Another movement in economics that might embrace such data is the attempt to “internalize externalities” — that is, to make companies bear the costs of, say, cleaning up their pollution rather than governments, by taxing their goods proportionally to their negative eco-impacts. That idea remains a hard sell to business, and to most governments. But marketplace ecological transparency makes pollution, toxics and the like a reputation cost for a brand or company. This substitutes a market force for government action, which — given political realities — may be both more realistic and quicker.
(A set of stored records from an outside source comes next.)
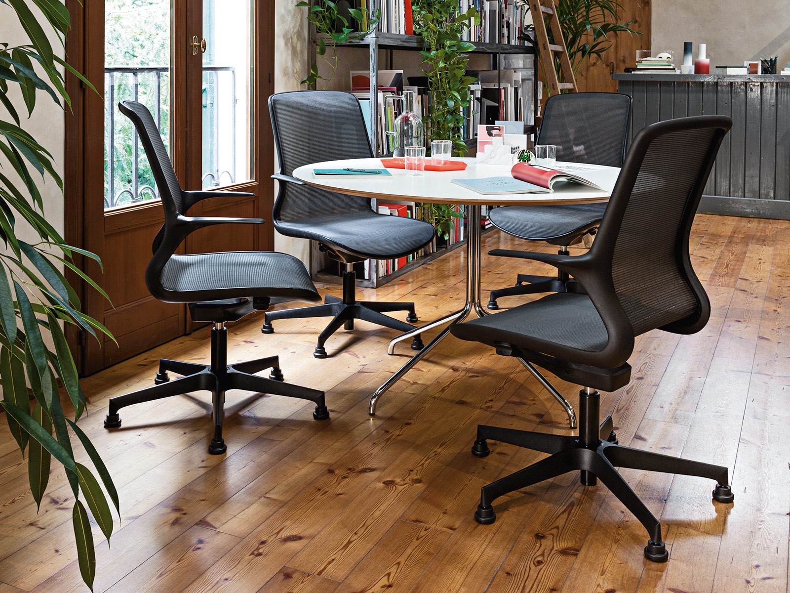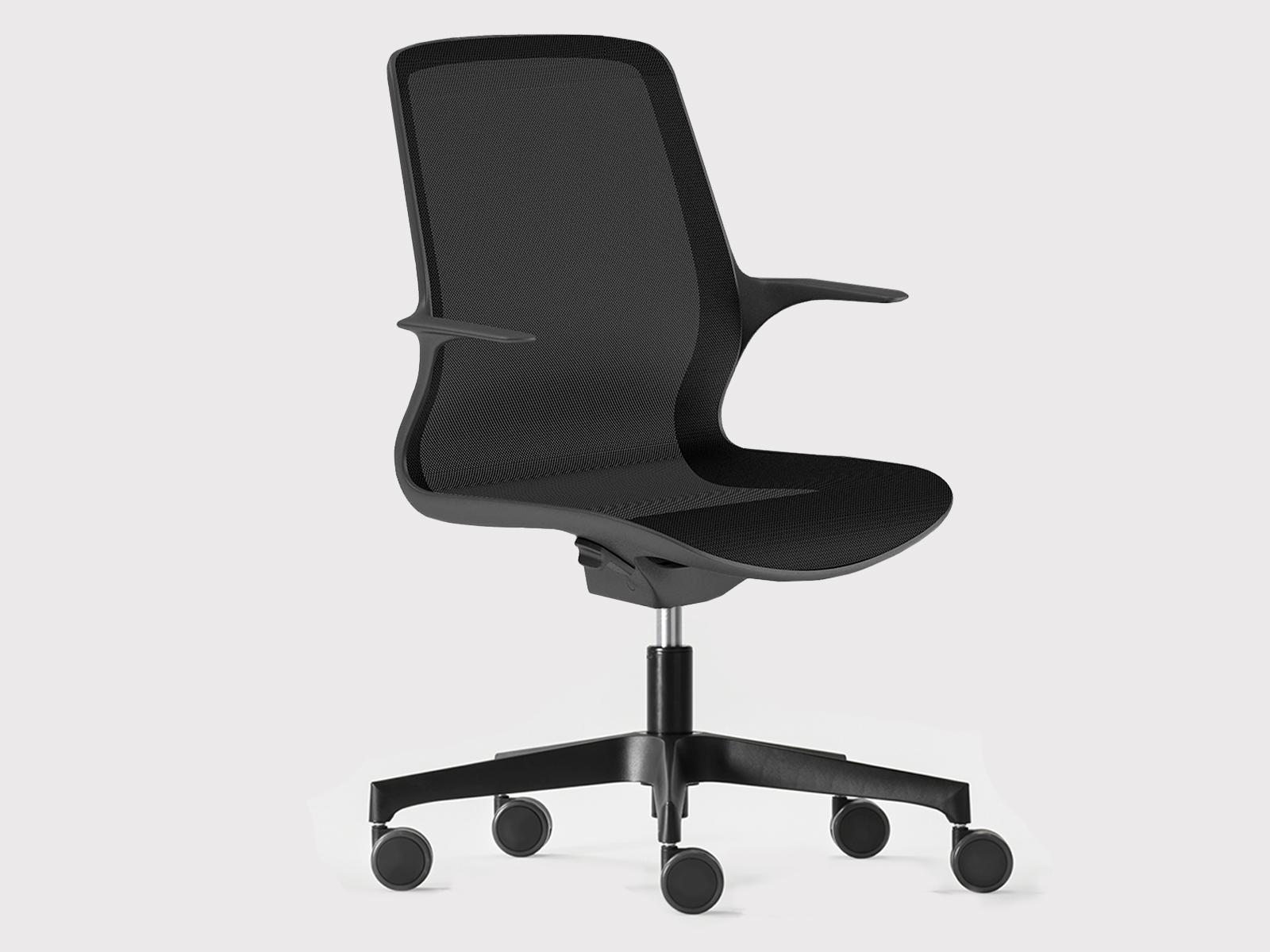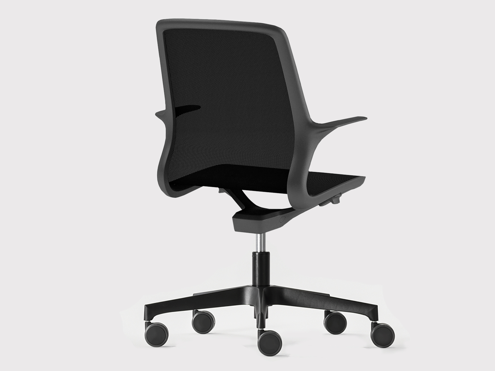 Le piètement est en nylon à 5 branches équipé par défaut de roulettes auto-freinées pleines pour sol souple (visibles sur les modèles noirs). Il est possible de commander des roulettes ajourées assorties à la structure (voir modèles blancs), ou des roulettes pour sol dur, sur demande et avec supplément.
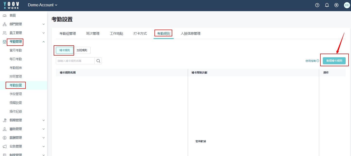 操作步骤: [考勤管理]>[考勤设置]>[考勤规则]>[补卡规则]>[新增补卡规则]
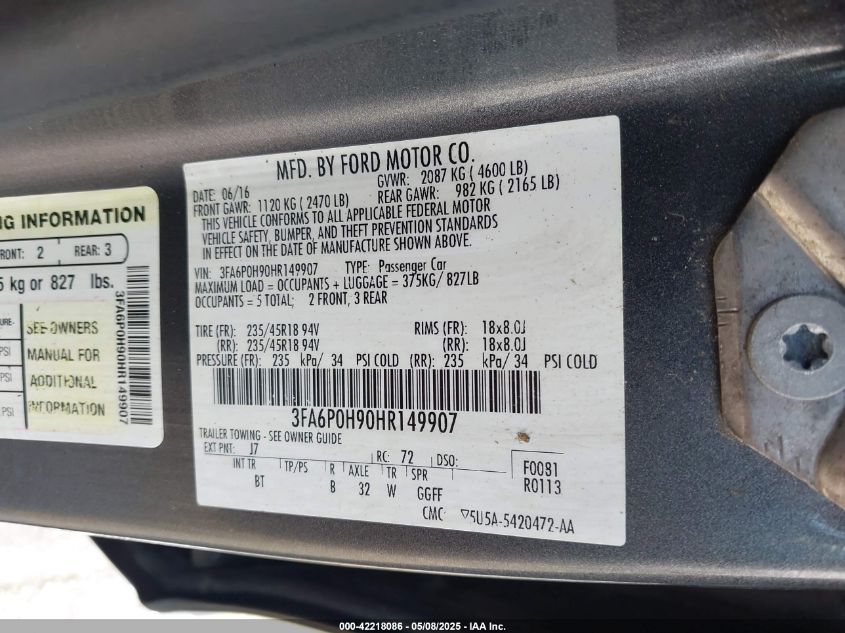 2017 FORD FUSION - 3FA6P0H90HR149907, колір - Сірий, 2.0, Бензин, Передній привід із США
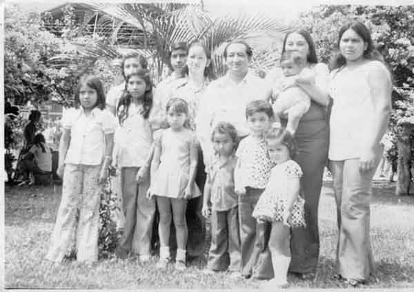 Humberto Jiménez, María del Carmen Jiménez, Elizabeth Jiménez, Laura García, Ana Cilia Payán. Nótese que todas las mujeres usan slaks, una prenda que se impuso desde los años 70's. Vijes, 1972
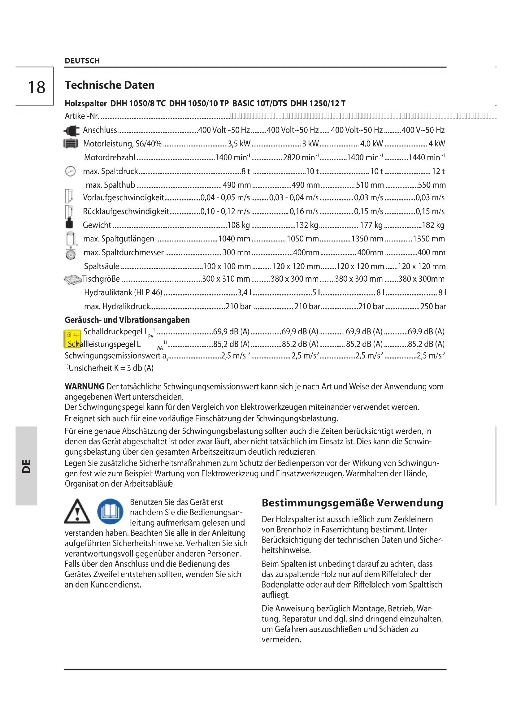 DHH 105010 TP - Holzspalter Güde - Kostenlose Bedienungsanleitung
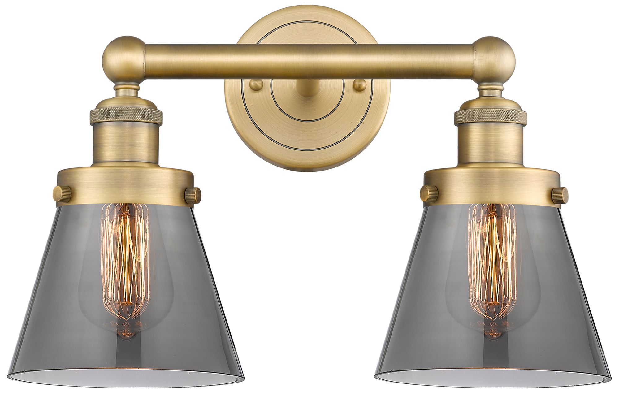 Edison Small Cone 15.5"W 2 Light Brushed Brass Bath Light With Smoke S
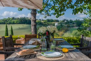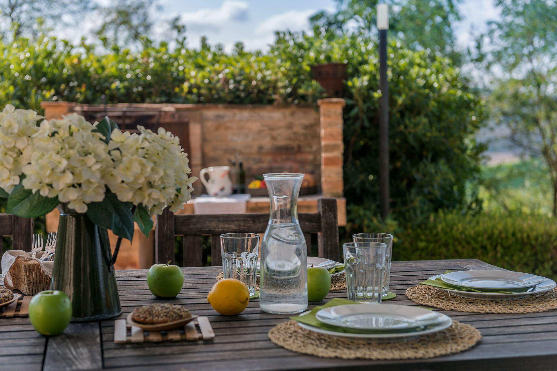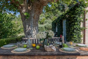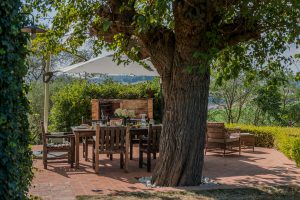 Grote tuin met olijfgaard, terras met eettafel onder de moerbeiboom, opgemetselde grill/bbq.
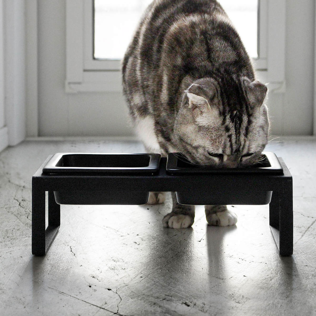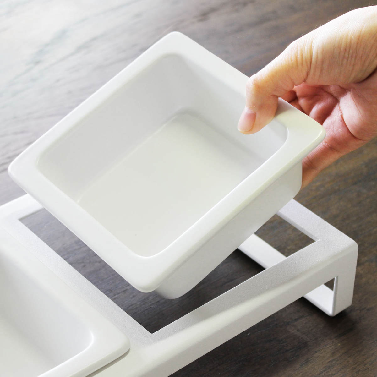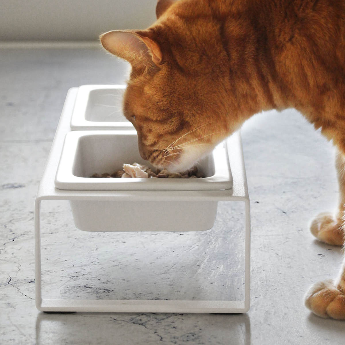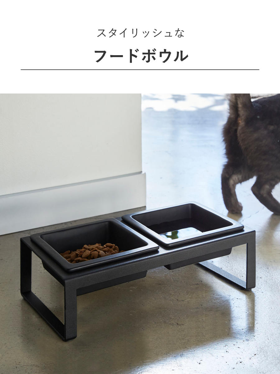 キッチンやリビングのインテリアの邪魔をしないシンプルでスタイリッシュなデザインです。ボウルが2つ付いているので、お水とフード、2種類のフードを入れるなど自由に組み合わせて使えます。
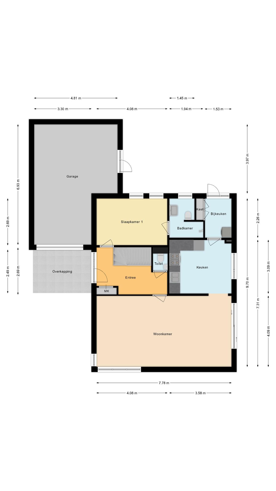 – Garage biedt ruimte voor 1 auto en een ander voertuigen zoals motoren
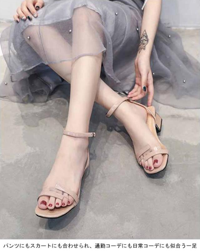サンダル レディース ストラップサンダル ハイヒール ミュール スクエアトゥ エナメル くつ 女性用 シューズ 夏物 オシャレ 靴 通勤
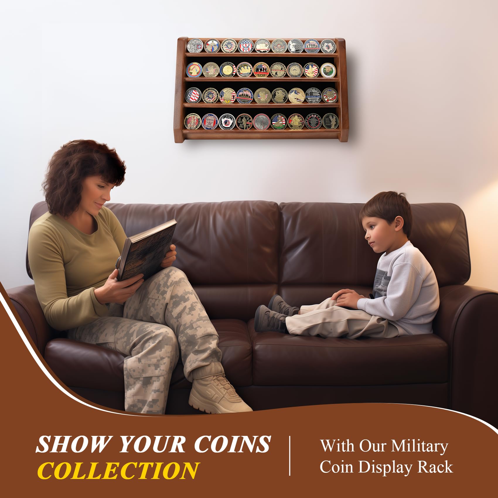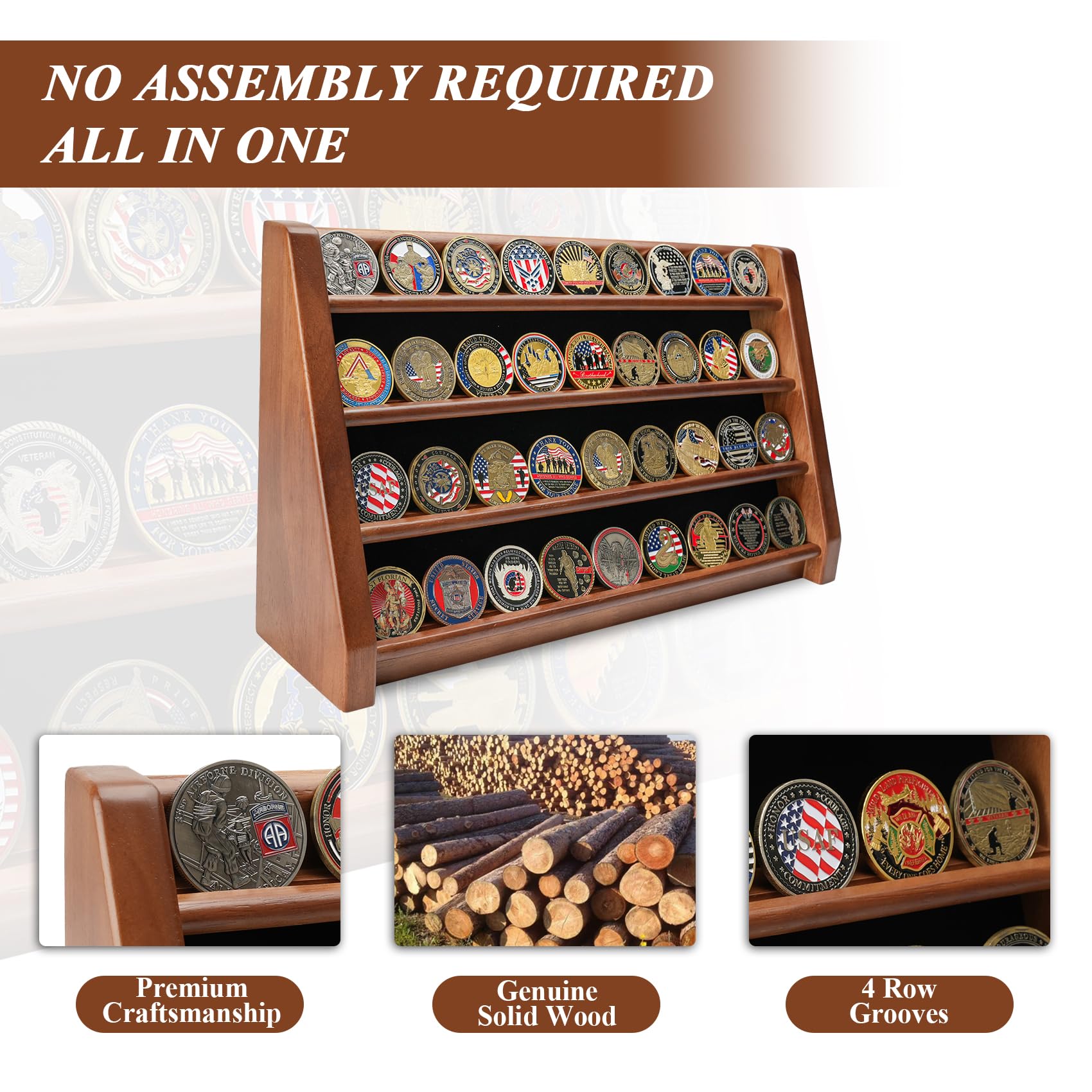 DecoWoodo Challenge - Vitrina para monedas, 4 filas de madera maciza, soporte militar para monedas,
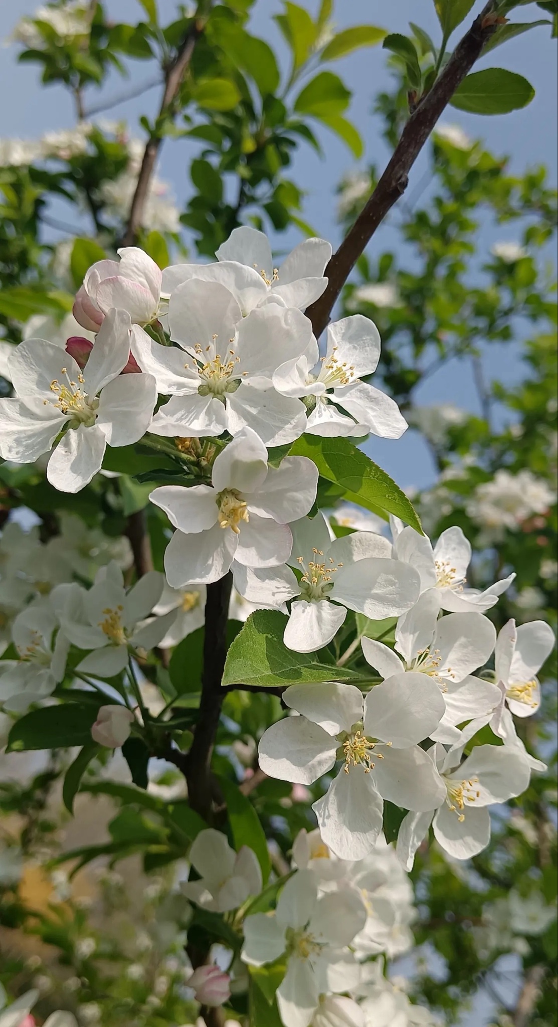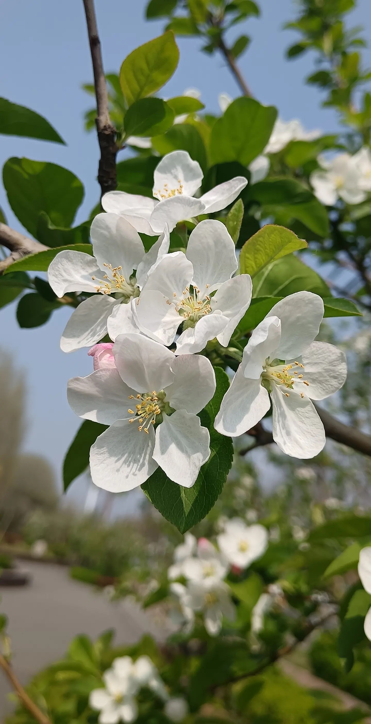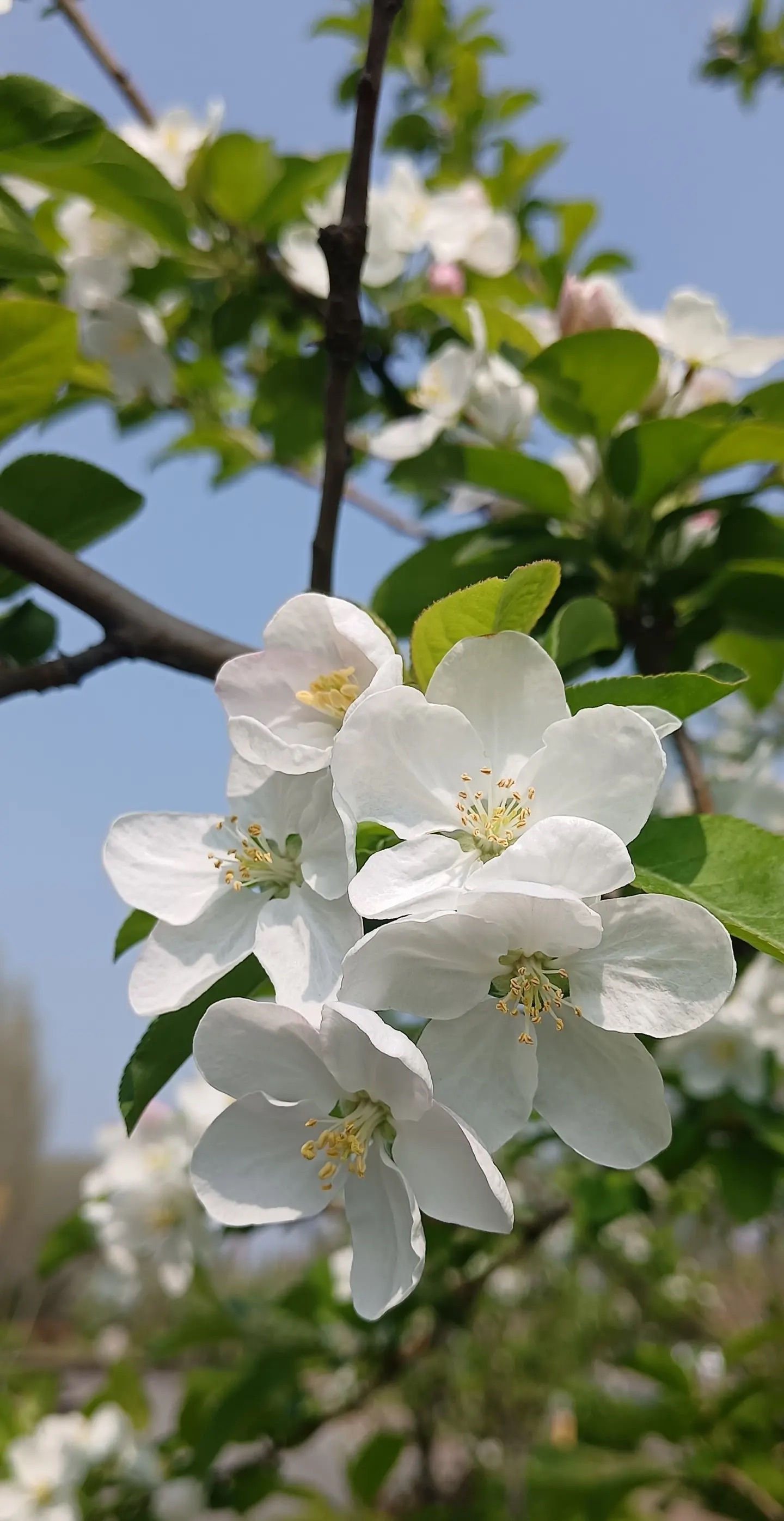 粉白花瓣踮脚攀上枝头,嫩绿新叶在风里轻轻翻页。蓝天是它最澄澈的底片,阳光为每朵花镀上微光。镜头凑近,五瓣玲珑托着金蕊,像春写给秋的第一封情书——未落果时,已藏满甜意。

While many business people are starting to take ecological transparency seriously enough to embed it in their strategic thinking, the question arises: Are economists paying attention?
A few are. But for the most part these potentially disruptive information technologies, and the marketplace transparency they promise, are beneath the field’s radar, or entirely off the map.
One exception is James Angresano, a political economist at The College of Idaho, who sees promise in ecological transparency as a tool for sustainability — itself not a topic central to orthodox thinking in economics. “We’ve got to think differently,” Angresano told me.
When Angresano lectured on these ideas recently to students in environmental economics at Peking University, they were so interested they stayed an extra hour. “Of all the theories I covered over several weeks of lecturing, this resonated the best,” he commented. “They’re depressed just hearing what the problems are. This is a way of making changes; here are some solutions.”